Я должна быть благодарна Литовскому за то, что он не расширил круг посвященных в тайну за пределы квартета (плюс Эгон Левенталь). Так нашему виолончелисту удалось сбросить с души бремя секретности, лежавшей на ней тяжелым камнем, и при этом не выглядеть болтуном. Квартет — это семья, члены которой прощают друг другу слабости. Клей, связующий нас воедино, столь крепок, что некоторая нравственная слабость не может нас разъединить. Мы не стали бы разрушать единственный дом, какой есть у нас в этой стране, даже если бы выяснилось, что Розендорф развращает малолетних, а Фридман занимается мужеложеством.

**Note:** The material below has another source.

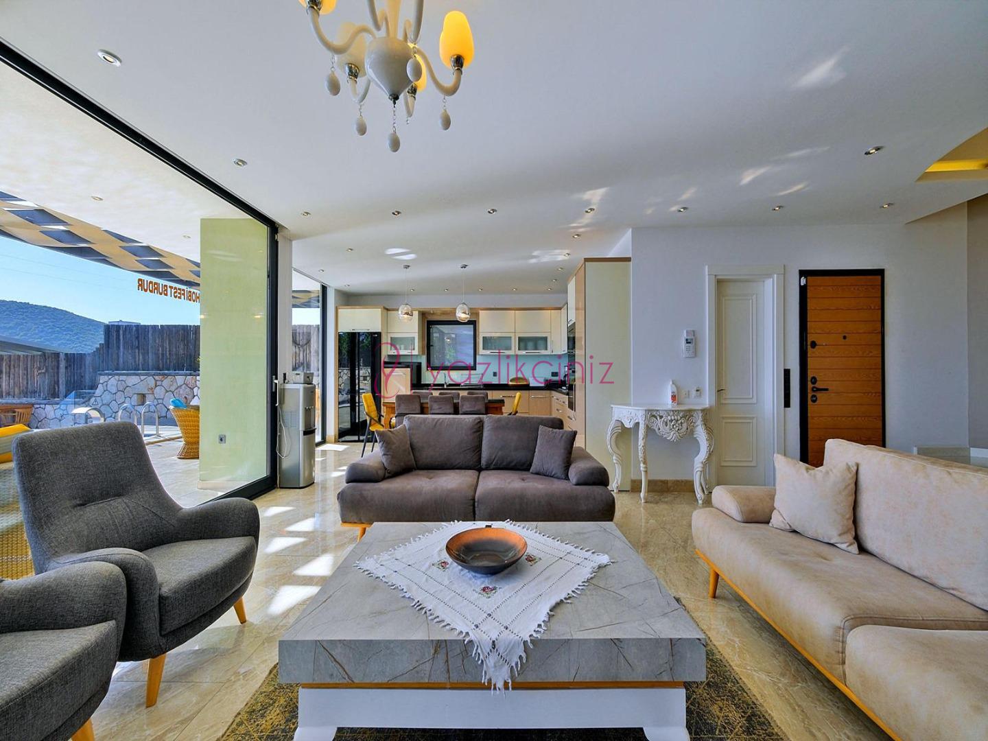 Salonumuzda oturma grubu, televizyon, uydu alıcısı, internet, klima, orta sehpa ve havuz terasına çıkış bulunmaktadır.

Вся эта история тяжело отразилась на Курте (Фридман умолял Литовского не рассказывать Розендорфу, но тот заупрямился, желая «исполнить товарищеский долг»…). Утром на репетиции оркестра я увидела в пронизанном болью взгляде Розендорфа вопрос, трепетавший у него на кончиках век. Репетиция квартета после обеда совершенно разладилась. Слабые мужчины хуже детей, когда гнев, в котором они не хотят сознаться, вызывает у них непредсказуемые реакции. Всякое пустячное разногласие разрасталось до масштабов войны всех со всеми. Мне было жаль Розендорфа, как родителям жаль ребенка, который жалуется на несуществующие боли, желая, чтобы на него обратили внимание.
У меня больше не было сомнений в том, что Курт любит меня тайной, отрекающейся любовью. Такая любовь не обязательно тяжела. Покуда это всего лишь неясное чувство, которое испытываешь к милому человеку, не желая от него ничего, кроме того, чтобы он существовал и был с тобой приветлив, такая влюбленность даже приятна, особенно когда она не слишком серьезна. Она может принести тихую радость без всяких страданий. Но как только чувство становится серьезным, тут же просыпаются все тяготы безответной любви — мрачные позывы страсти, уязвленное самолюбие, возникает атмосфера ненадежности, окутывающая встречу людей, не позволяющих себе поддаться сексуальному притяжению и приближающихся друг к другу со смешными хитростями.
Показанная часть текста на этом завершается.